US equity futures and tech stocks gained for a second day, rising alongside European and Asian stocks after Fed officials on Monday played down the risk of “non-transitory” inflation easing bond yields for the fourth straight day, as investors waited for consumer-confidence data. At 7:00 a.m. ET, Dow e-minis were up 75 points, or 0.2%, S&P 500 e-minis were up 11 points, or 0.26%, and Nasdaq 100 e-minis were up 63.75 points, or 0.47%.
“Monday’s lethargy seems to have been shaken off after a chorus of Fed voices delivered dovish statements, downplaying arguments for early tightening,” said Nema Ramkhelawan-Bhana, an analyst at Rand Merchant Bank in Johannesburg, “Let’s not forget that it only takes one inflation print to unsettle investors or a strong economic figure to guide nominal yields higher. And so the lesson is to make hay while the sun shines.”

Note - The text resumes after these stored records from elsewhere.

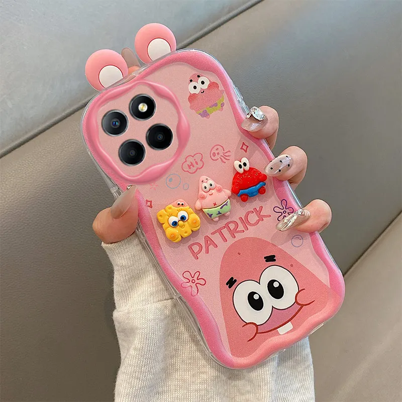 📱 New 3D Cute Ear Cartoon SpongeBob & Patrick Star Phone Case for Honor X8A, X8B, X5 Plus, X9C – Smart Toy Wrist Strap Lanyard Cover 🎉🐢
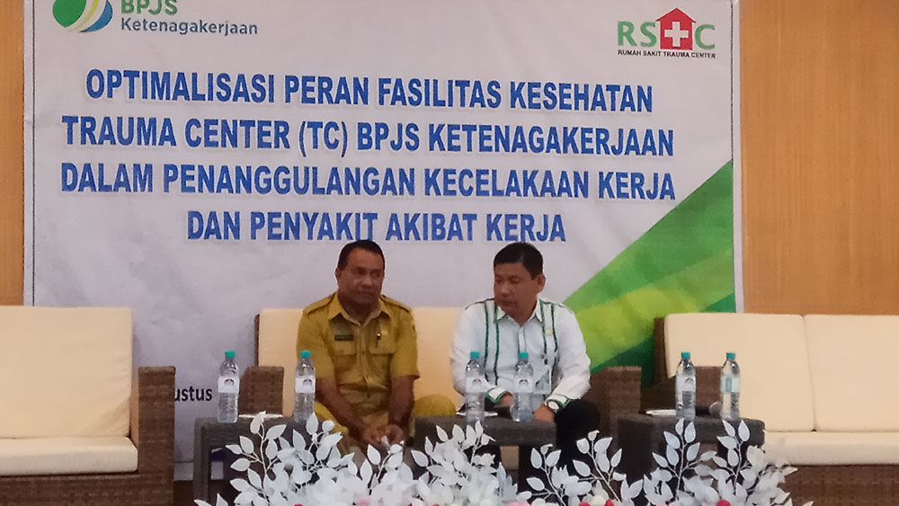Yos Rera Beka pada acara sosialisasi Optimalisasi peran fasilitas kesehatan trauma center untuk kecelakaan kerja dan penyakit
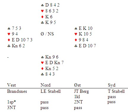 Tolle Stabell spilte ut spar 9, svenske utspill. Dette er typisk fra knekten tredje. Den gikk via damen til esset. Så ruter til tier og konge. Leif Erik Stabell skifta til hjerter 2, svenske som viser fire stykker, som gikk rundt til syd sin knekt. Spillefører var markert med kongen tredje i hjerter, så Tolle fridde seg i ruter som bordet vant med damen. Nå gikk faktisk toget for NS.
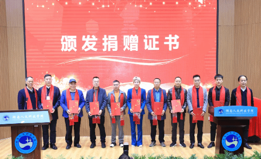 大会现场,付胜龙校友向校友基金会捐款100万元,袁伟峰校友捐款50万元,以实际行动支持学校的教育发展,并被授予捐赠证书,其捐款将会惠及师生、造福学校。
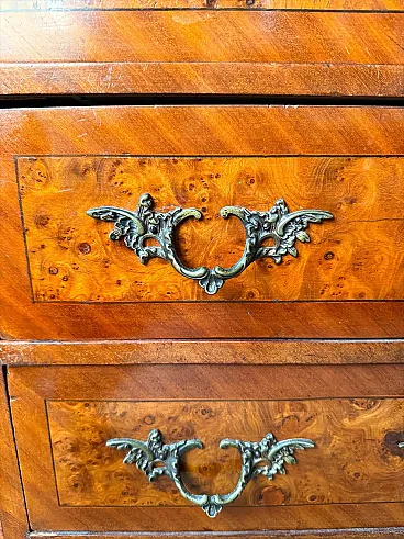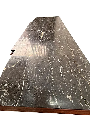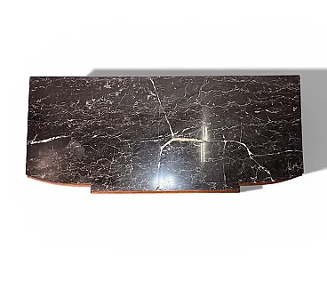 • Materials: Precious veneered wood (such as walnut or burl) and marble top, the latter unfortunately has a crack, although it has been largely repaired with glue and marble filler (ask for info if you wish).
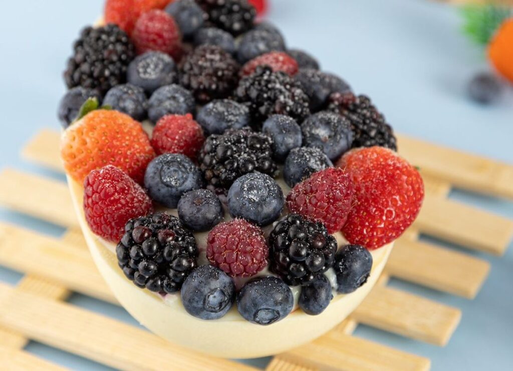 - Amora Quatro Leites (casca de chocolate branco, recheio de bolo black, 4 leites cremoso e geleia de frutas vermelhas, decorado com amoras);
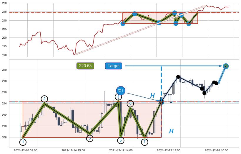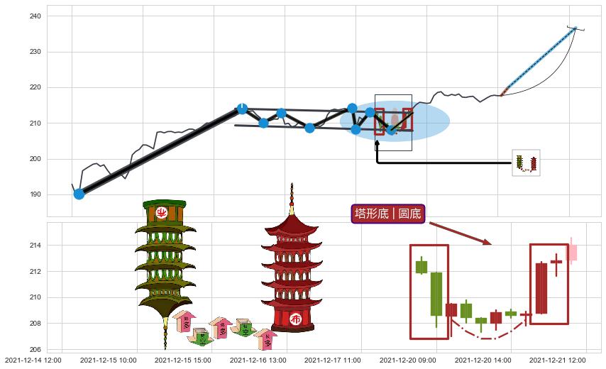 ➢ 【空方力量耗尽】已在12-21:12突破矩形提供的【阻力】颈线 214.31 →箱形震荡盘整结束
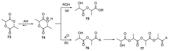 - Basko, M.; Kubisa, P. Mechanism of propagation in the cationic polymerization of l,l-lactide. J. Polym. Sci. Part A Polym. Chem. 2008, 46, 7919–7923. [Google Scholar] [CrossRef]
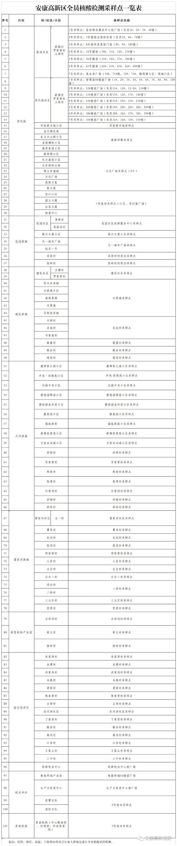 附件:安康高新区全员核酸检测采样点一览表
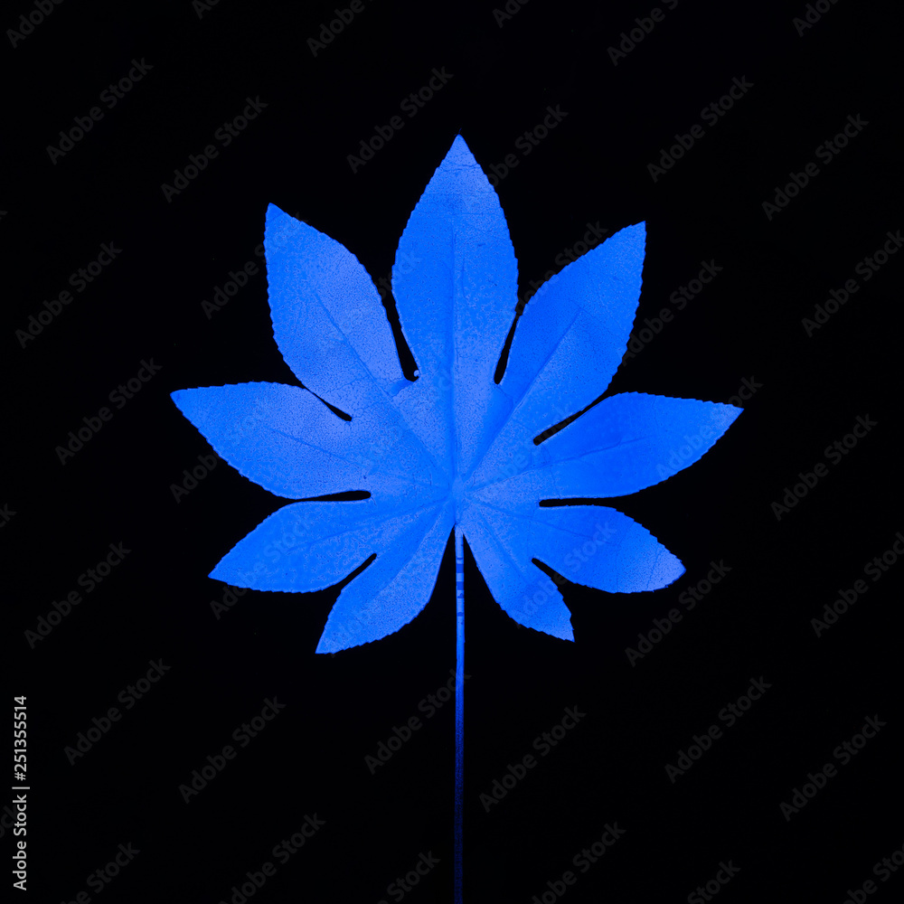 Neon tropical leaf in vivid blue fluorescent color on black background. Summer colorful nature concept.
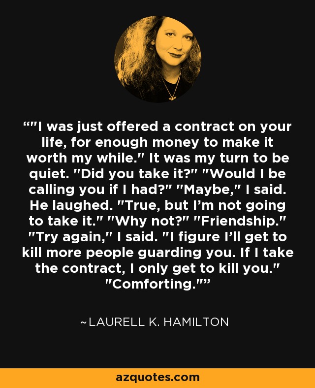 "I was just offered a contract on your life, for enough money to make it worth my while." It was my turn to be quiet. "Did you take it?" "Would I be calling you if I had?" "Maybe," I said. He laughed. "True, but I'm not going to take it." "Why not?" "Friendship." "Try again," I said. "I figure I'll get to kill more people guarding you. If I take the contract, I only get to kill you." "Comforting."
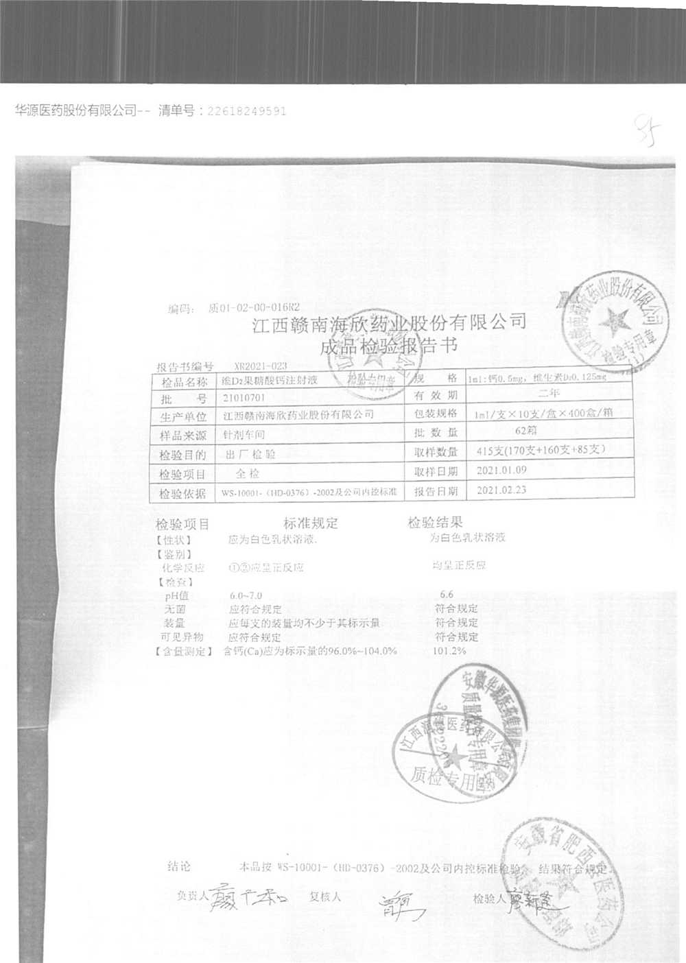 维D2果糖酸钙注射液 | 1ml | 21010701 | 查看详情 |
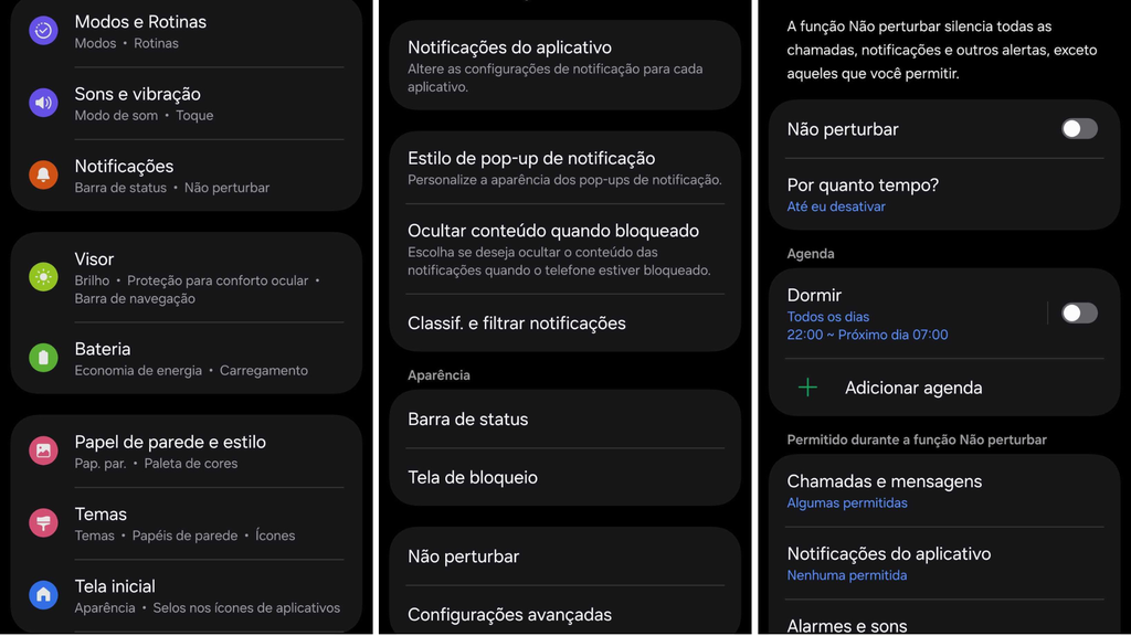 O modo “Não Perturbe” é ideal para momentos em que você precisa de foco total ou descanso. Ele bloqueia chamadas, mensagens e notificações, evitando distrações constantes ao longo do dia. Ao acessar as “configurações”, vá até as “notificações” e “não perturbe” para definir horários automáticos ou ative manualmente.
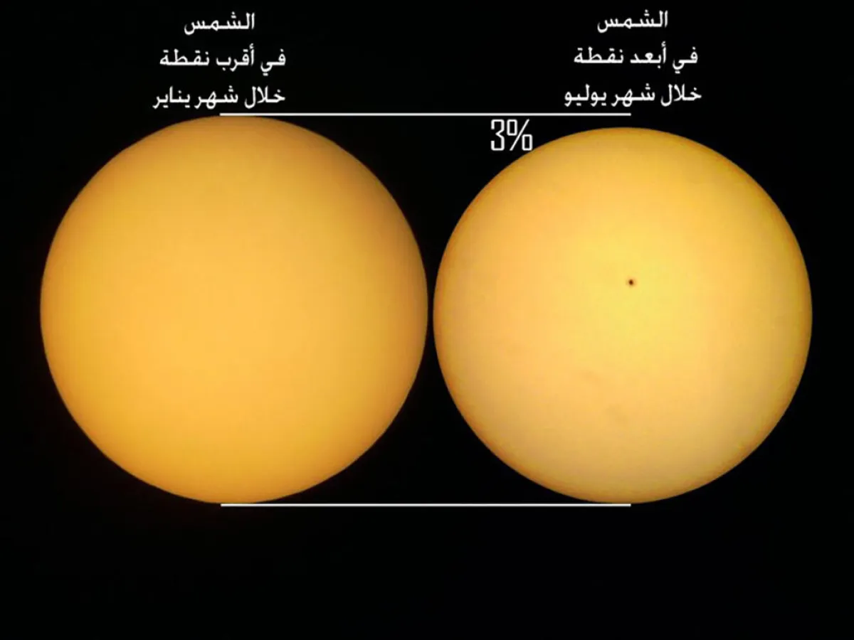أما عندما تقترب الأرض من الشمس، فإنها تبدو أكبر من المعتاد بحوالي 3% فقط، وهي أصعب من القمر فلا يمكن ملاحظتها إلا عبر أجهزة الرصد الخاصة.
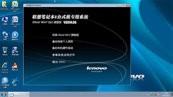 联想笔记本&台式机专用系统 Ghost Win7 Sp1 旗舰版 v2014.06

The S&P 500 and the Nasdaq ended about 1% higher on Monday after Federal Reserve officials maintained that the U.S. central bank’s ultra-easy monetary policy will remain in place, pushing the longer-dated U.S. Treasury yields lower. Lael Brainard, Raphael Bostic and James Bullard said they wouldn’t be surprised to see bottlenecks and supply shortages push prices up in coming months as the pandemic recedes, but that much of those gains should be temporary. While market-based measures of inflation expectations have dipped, investors remain cautious about the risk of a pullback in stimulus. They are also monitoring Covid-19 spikes in regions such as Asia.